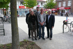 Die Pflasterarbeiten am Einkaufszentrum in Herten-Disteln sind abgeschlossen. Nach zweieinhalb Wochen Arbeit können sich die Distelner nun über einen neugestalteten Platz freuen. Bürgermeister Dr. Uli Paetzel hat sich das Ergebnis gemeinsam mit Mitarbeitern des Zentralen Betriebshofs (ZBH) angeschaut.
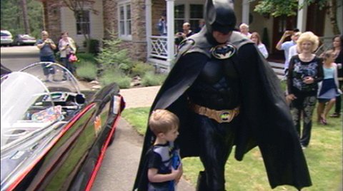 그 뒤로 아픈아이들에게 꿈과 희망을 주기 위해 배트맨 분장을 하고 봉사를 하고 다닌다네요..
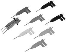 Attached to the tips of logic probe (701988 or 701989) or mini-clips (B9852CR), the IC clips can be used to clip contiguous 0.5-mm pitch terminals. A total of 10 clips are included.
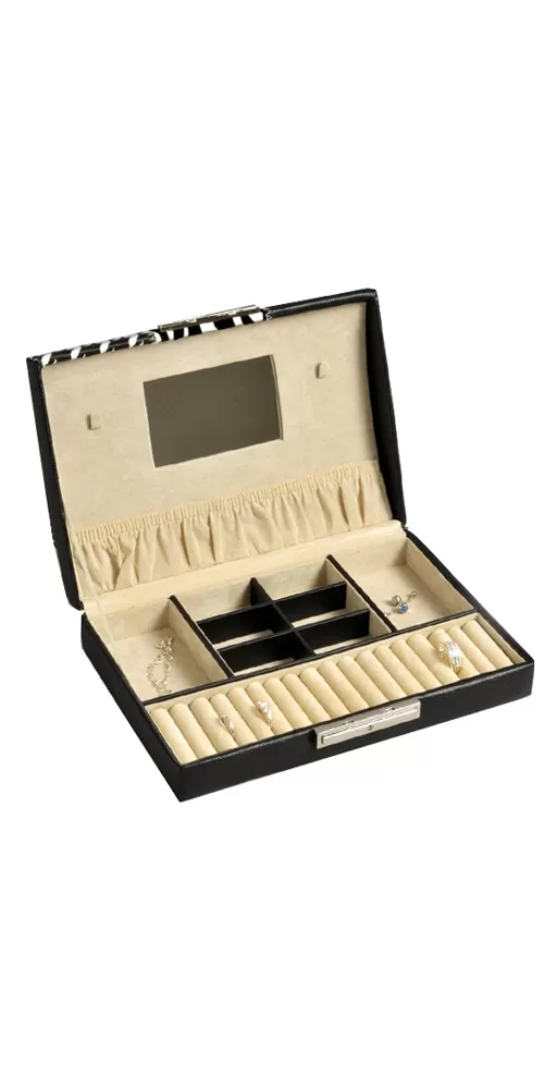 Vnútorné usporiadanie šperkovnice umožňuje pohodlné uloženie prsteňov, náušníc, príveskov a ďalších šperkov. Vo veku nechýba dostatočne veľké zrkadlo a vrecko na ďalšie drobnosti. Šperkovnica je uzamykateľná.
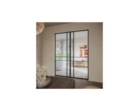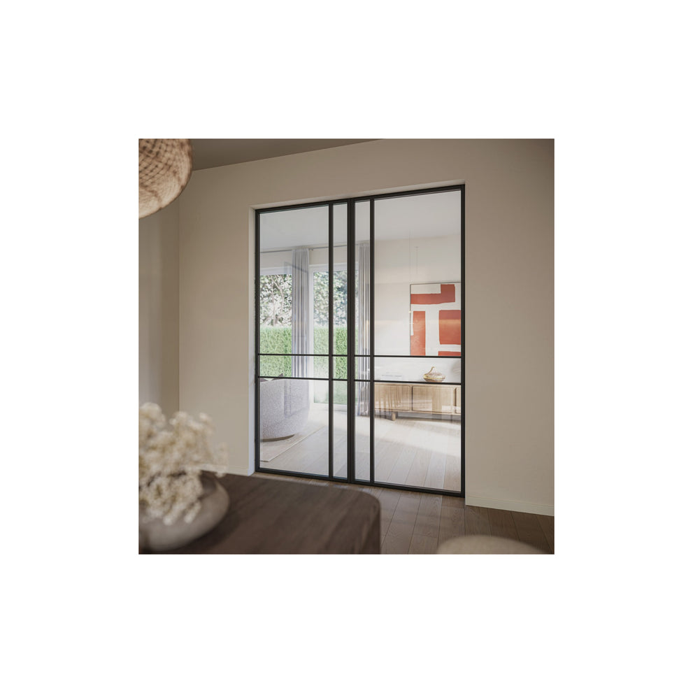 Deze deur is toepasbaar als enkele of dubbele schuifdeur waarbij de verticale verhoogde roede aan de binnenkant dient als greep. Kies voor het bijpassende schuifdeursysteem Lima XS in zwart of aluminium om je deur compleet te maken.
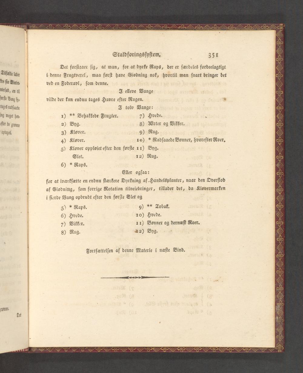 vilde der kun endnu tages Havre efter Rugen.* J tolv Vange: 1)** Behakkede Frugter. 7) Hvede.. 2) Byg. 8) WTrter og Vikker. 3) Klover. 9) Rug. 4) Klover. 10)* Radſaaede Bonner, hvorefter Roer. 5) Klover oppleiet efter den forſte 11) Byg. Slet. 12) Rug. 6)* Raps.
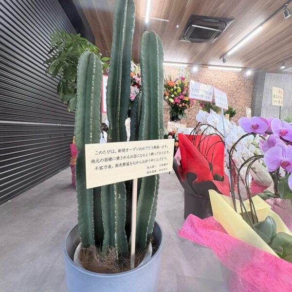 オープンにあたり、たくさんのお取引先様やお客様から、お祝いのお花やお言葉をいただきました。
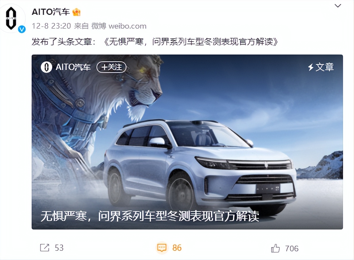 2023年12月6日,汽车平台“懂车帝”在黑龙江漠河进行了2023冬测,公布了19款混合动力车型的续航测试结果。其中,问界M7增程版以31.6%的纯电续航达成率垫底。对此,AITO汽车发布《无惧严寒,问界系列车型冬测表现官方解读》指出,经测试媒体确认,车辆在正式测试前进行了长时间的空调制热,且此过程中有十余次开关车门、车窗的操作,大大增加了空调能耗,导致电量快速下降。在严寒极限及空调持续制热条件下,多次长时间开车窗、车门,严重背离用户真实使用场景。“懂车帝”在直播中回应,所有车型都执行统一标准,不存在针对具体某款车的情况,不影响最终排名。
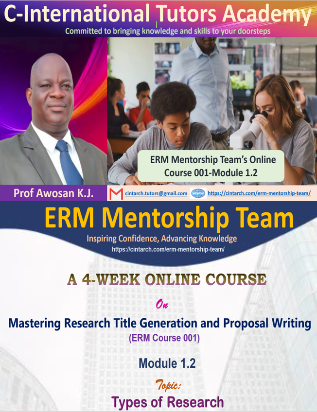 This ERM Course 001 Module 1.2 video on “Types of Research” explains how research can be categorized based on its objectives (basic or applied), method (observational or experimental), source of evidence (empirical or non-empirical), nature of data (quantitative, qualitative, or mixed), purpose or function (review or validation), and disciplinary focus (such as biomedical, educational, or agricultural research). The video emphasizes that selecting the appropriate type of research is essential for ensuring methodological rigor, relevance, and meaningful outcomes.
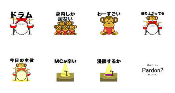 | スタンプ説明 | 駆け出したドラマー風のスタンプです。笑いましょう。 |
+ + +
**PROBLEM REQUIREMENTS**
Transcribe each record above exactly, leaving every picture out of the copy.

**RESULT**
 Die Pflasterarbeiten am Einkaufszentrum in Herten-Disteln sind abgeschlossen. Nach zweieinhalb Wochen Arbeit können sich die Distelner nun über einen neugestalteten Platz freuen. Bürgermeister Dr. Uli Paetzel hat sich das Ergebnis gemeinsam mit Mitarbeitern des Zentralen Betriebshofs (ZBH) angeschaut.
 그 뒤로 아픈아이들에게 꿈과 희망을 주기 위해 배트맨 분장을 하고 봉사를 하고 다닌다네요..
 Attached to the tips of logic probe (701988 or 701989) or mini-clips (B9852CR), the IC clips can be used to clip contiguous 0.5-mm pitch terminals. A total of 10 clips are included.
 Vnútorné usporiadanie šperkovnice umožňuje pohodlné uloženie prsteňov, náušníc, príveskov a ďalších šperkov. Vo veku nechýba dostatočne veľké zrkadlo a vrecko na ďalšie drobnosti. Šperkovnica je uzamykateľná.
 Deze deur is toepasbaar als enkele of dubbele schuifdeur waarbij de verticale verhoogde roede aan de binnenkant dient als greep. Kies voor het bijpassende schuifdeursysteem Lima XS in zwart of aluminium om je deur compleet te maken.
 vilde der kun endnu tages Havre efter Rugen.* J tolv Vange: 1)** Behakkede Frugter. 7) Hvede.. 2) Byg. 8) WTrter og Vikker. 3) Klover. 9) Rug. 4) Klover. 10)* Radſaaede Bonner, hvorefter Roer. 5) Klover oppleiet efter den forſte 11) Byg. Slet. 12) Rug. 6)* Raps.
 オープンにあたり、たくさんのお取引先様やお客様から、お祝いのお花やお言葉をいただきました。
 2023年12月6日,汽车平台“懂车帝”在黑龙江漠河进行了2023冬测,公布了19款混合动力车型的续航测试结果。其中,问界M7增程版以31.6%的纯电续航达成率垫底。对此,AITO汽车发布《无惧严寒,问界系列车型冬测表现官方解读》指出,经测试媒体确认,车辆在正式测试前进行了长时间的空调制热,且此过程中有十余次开关车门、车窗的操作,大大增加了空调能耗,导致电量快速下降。在严寒极限及空调持续制热条件下,多次长时间开车窗、车门,严重背离用户真实使用场景。“懂车帝”在直播中回应,所有车型都执行统一标准,不存在针对具体某款车的情况,不影响最终排名。
 This ERM Course 001 Module 1.2 video on “Types of Research” explains how research can be categorized based on its objectives (basic or applied), method (observational or experimental), source of evidence (empirical or non-empirical), nature of data (quantitative, qualitative, or mixed), purpose or function (review or validation), and disciplinary focus (such as biomedical, educational, or agricultural research). The video emphasizes that selecting the appropriate type of research is essential for ensuring methodological rigor, relevance, and meaningful outcomes.
 | スタンプ説明 | 駆け出したドラマー風のスタンプです。笑いましょう。 |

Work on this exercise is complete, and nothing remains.